Given its low surface energy. PDMS generally has a low adhesion to most surfaces; this adhesion can be easily modified by exposure to plasma treatment which, just as for silica, temporarily increases the number of silanols on the surface.
What is soft lithography and why how does PDMS relate to it?
Soft lithography is a way of creating a surface pattern on a micro- or nanoscale which relies on self-assembly and template replication.
The tunable and adhesive properties of PDMS have been used to develop this method! The objective was to create a platform for surface patterning through chemistry, which could be cheap and reusable!
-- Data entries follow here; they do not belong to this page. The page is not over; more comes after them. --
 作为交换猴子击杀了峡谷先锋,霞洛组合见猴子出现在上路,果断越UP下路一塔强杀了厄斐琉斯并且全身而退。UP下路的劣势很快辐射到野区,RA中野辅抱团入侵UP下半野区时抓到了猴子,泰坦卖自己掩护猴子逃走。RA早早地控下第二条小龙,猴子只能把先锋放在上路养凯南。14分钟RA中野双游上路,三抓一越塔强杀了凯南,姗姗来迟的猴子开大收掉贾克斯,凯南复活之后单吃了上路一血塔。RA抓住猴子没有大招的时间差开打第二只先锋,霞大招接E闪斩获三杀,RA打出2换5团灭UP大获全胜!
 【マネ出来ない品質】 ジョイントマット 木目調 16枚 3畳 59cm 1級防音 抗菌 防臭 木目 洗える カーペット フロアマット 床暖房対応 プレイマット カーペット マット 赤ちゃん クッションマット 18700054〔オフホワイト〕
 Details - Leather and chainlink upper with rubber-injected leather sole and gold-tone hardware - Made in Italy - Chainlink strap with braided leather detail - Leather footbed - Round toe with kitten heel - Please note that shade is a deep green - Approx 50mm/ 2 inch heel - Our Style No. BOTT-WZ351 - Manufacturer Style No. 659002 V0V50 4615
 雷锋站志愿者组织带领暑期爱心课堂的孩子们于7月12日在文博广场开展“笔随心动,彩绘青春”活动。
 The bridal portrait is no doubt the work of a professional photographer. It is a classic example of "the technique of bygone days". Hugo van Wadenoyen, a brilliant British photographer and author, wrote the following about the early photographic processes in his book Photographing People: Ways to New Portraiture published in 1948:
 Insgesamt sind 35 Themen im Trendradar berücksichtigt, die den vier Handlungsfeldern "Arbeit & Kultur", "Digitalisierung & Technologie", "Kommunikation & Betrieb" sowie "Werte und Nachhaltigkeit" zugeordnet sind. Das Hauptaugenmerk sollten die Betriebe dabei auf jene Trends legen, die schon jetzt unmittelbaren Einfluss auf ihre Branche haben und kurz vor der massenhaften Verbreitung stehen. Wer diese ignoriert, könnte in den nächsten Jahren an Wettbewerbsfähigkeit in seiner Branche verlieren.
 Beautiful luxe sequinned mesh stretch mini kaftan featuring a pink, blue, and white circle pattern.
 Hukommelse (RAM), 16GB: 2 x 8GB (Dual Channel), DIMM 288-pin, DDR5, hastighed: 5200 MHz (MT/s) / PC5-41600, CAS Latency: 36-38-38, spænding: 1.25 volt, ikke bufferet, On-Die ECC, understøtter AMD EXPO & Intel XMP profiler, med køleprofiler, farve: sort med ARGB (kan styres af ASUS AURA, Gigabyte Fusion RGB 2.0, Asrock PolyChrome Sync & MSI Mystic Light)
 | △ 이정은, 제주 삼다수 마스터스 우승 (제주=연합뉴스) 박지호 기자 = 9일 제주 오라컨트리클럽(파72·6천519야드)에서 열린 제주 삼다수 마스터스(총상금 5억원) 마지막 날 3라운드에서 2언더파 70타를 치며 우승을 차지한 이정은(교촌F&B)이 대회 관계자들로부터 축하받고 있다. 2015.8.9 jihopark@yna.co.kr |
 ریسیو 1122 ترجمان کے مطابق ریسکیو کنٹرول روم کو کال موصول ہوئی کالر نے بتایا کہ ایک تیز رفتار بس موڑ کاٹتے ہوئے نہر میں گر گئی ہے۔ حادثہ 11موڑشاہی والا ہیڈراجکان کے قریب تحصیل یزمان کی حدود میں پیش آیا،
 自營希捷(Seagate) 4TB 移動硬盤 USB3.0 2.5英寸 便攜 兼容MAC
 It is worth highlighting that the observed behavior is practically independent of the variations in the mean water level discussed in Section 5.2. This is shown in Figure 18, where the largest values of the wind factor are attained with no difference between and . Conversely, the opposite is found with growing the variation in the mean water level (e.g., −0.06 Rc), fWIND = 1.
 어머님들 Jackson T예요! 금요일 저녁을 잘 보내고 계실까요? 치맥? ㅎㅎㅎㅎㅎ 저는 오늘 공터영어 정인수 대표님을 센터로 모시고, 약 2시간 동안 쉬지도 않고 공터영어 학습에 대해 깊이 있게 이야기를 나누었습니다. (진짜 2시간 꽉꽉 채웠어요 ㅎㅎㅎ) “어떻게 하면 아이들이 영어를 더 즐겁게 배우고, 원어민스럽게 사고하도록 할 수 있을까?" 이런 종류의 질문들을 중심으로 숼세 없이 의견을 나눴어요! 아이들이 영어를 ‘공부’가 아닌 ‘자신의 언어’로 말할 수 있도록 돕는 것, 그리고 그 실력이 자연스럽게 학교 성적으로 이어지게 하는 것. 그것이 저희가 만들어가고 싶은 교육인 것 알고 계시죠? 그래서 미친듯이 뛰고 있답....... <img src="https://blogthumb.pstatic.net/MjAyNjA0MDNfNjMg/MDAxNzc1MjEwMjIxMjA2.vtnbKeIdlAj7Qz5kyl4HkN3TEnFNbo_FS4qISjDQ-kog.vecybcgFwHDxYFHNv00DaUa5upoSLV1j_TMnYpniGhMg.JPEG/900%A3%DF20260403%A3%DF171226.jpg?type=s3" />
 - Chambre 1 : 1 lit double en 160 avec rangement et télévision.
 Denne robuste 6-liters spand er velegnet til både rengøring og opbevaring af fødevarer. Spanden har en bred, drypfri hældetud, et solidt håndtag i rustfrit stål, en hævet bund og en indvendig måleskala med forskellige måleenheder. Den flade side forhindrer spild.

How do we prepare a PDMS stamp? IMP!
NOTE: the first step to creating the surface patterning is to prepare a PDMS stamp
Procedure:
The pattern is first designed into a master, which is usually made in silicon by the conventional lithography methods; this master will function as a template for the formation of our stamp. The silicon is first exposed to oxygen plasma and then made hydrophobic with molecules like trimethylsilyl chloride (CH3)3SiCl or perfluorooctyltrichlorosilane CF3(CF2)7SiCl3; A PROCESS CALLED SILANIZATION. the plasma will introduce silanol on the passivating silica layer on the surface of silicon. The silanization reacts most of the surface silanols, thereby reducing the surface reactivity and adhesion with PDMS, and increasing the accuracy of the template replication.
The PDMS pre-polymer is then poured over the master. This step is fairly delicate as you have to make sure not to form bubbles which might remain trapped in the viscous pre-polymer.
The PDMS then undergoes curing during which the pre-polymer molecules crosslink with each other forming the extended moleculear network which will imbue the final stamp with rubber-like properties.
The stamp can be successfully peeled off the master, providing a very accurate free-standing replica of the master and can be used in a multitude of ways to generate surface patterns.
What is the formal definition of silanization?
Silanization is the process of reacting surface silanols
What are the different procedures that use the PDMS stamp to generate surface patterns?
- Microcontact printing
- Micromolding
- Microebossing
- Microlithography
(All of the above are examples of soft lithography
What is microcontact printing and its procedure?
Microcontact printing is where a stamp transfers a specific ‘ink’ from one substrate to another employing the different adhesion characteristics of the substrates involved (see figure 4.1 in digital notes); the inks can be molecules, polymers, nanocrystals, nanowires, colloids, and whole thin films.
Procedure:
You initially deposit the ink on a substrate for which it has very low adhesion, for example, a silanized piece of silica, silicon or even PDMS itself. The stamp is then put in conformal contact with the ink, and if the adhesion of the ink towards the stamp is larger, the ink will transfer to the stamp in those protruding regions of the stamp designed in the master.
The next step is the printing step; the stamp, wet with ink, is put in contact with the desired substrate which, different from the first substrate, must have a strong adhesion for the ink. In this way, when the stamp is peeled off the desired substrate, the ink will remain on the substrate and not on the stamp.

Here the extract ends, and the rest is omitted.